■ **REQUIRED WORK**
Only the lines below from the one containing "The workshop on Saturday, October" through the one containing "Making Classroom Rules" belong in the answer, repeated exactly and without pictures.

■ **THE RECORDS**
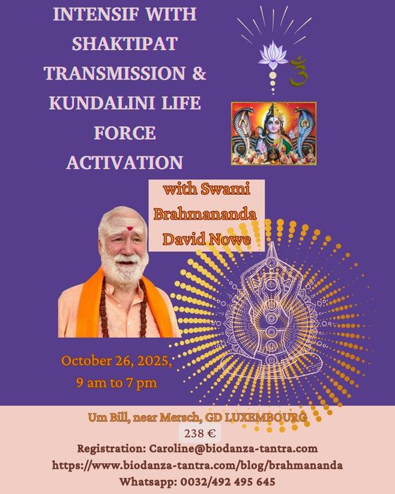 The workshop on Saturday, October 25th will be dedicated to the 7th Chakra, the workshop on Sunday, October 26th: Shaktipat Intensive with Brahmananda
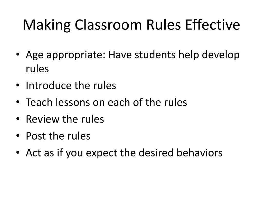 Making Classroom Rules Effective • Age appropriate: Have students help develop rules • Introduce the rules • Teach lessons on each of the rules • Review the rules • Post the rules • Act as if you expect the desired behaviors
* * *
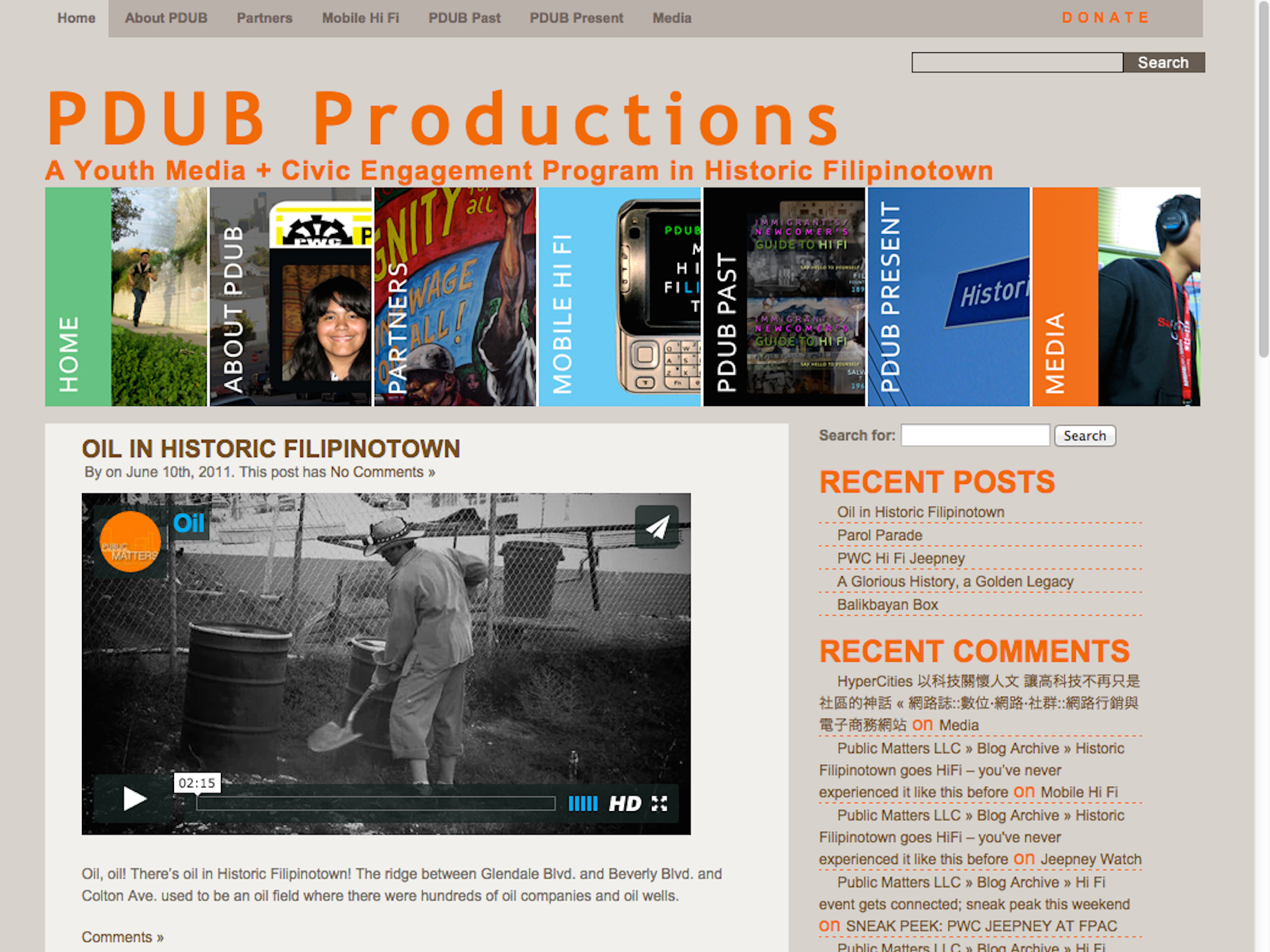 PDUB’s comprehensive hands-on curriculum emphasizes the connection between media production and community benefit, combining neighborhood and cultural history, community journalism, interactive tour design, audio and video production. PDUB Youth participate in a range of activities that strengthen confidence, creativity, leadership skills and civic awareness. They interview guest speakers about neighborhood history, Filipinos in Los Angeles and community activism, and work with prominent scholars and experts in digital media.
...
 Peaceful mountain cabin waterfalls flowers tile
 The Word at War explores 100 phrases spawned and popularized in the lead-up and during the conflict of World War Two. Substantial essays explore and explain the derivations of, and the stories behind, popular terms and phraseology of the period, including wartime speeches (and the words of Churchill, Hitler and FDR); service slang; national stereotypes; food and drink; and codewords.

■ **PROBLEM SOLUTION**
 The workshop on Saturday, October 25th will be dedicated to the 7th Chakra, the workshop on Sunday, October 26th: Shaktipat Intensive with Brahmananda
 Making Classroom Rules Effective • Age appropriate: Have students help develop rules • Introduce the rules • Teach lessons on each of the rules • Review the rules • Post the rules • Act as if you expect the desired behaviors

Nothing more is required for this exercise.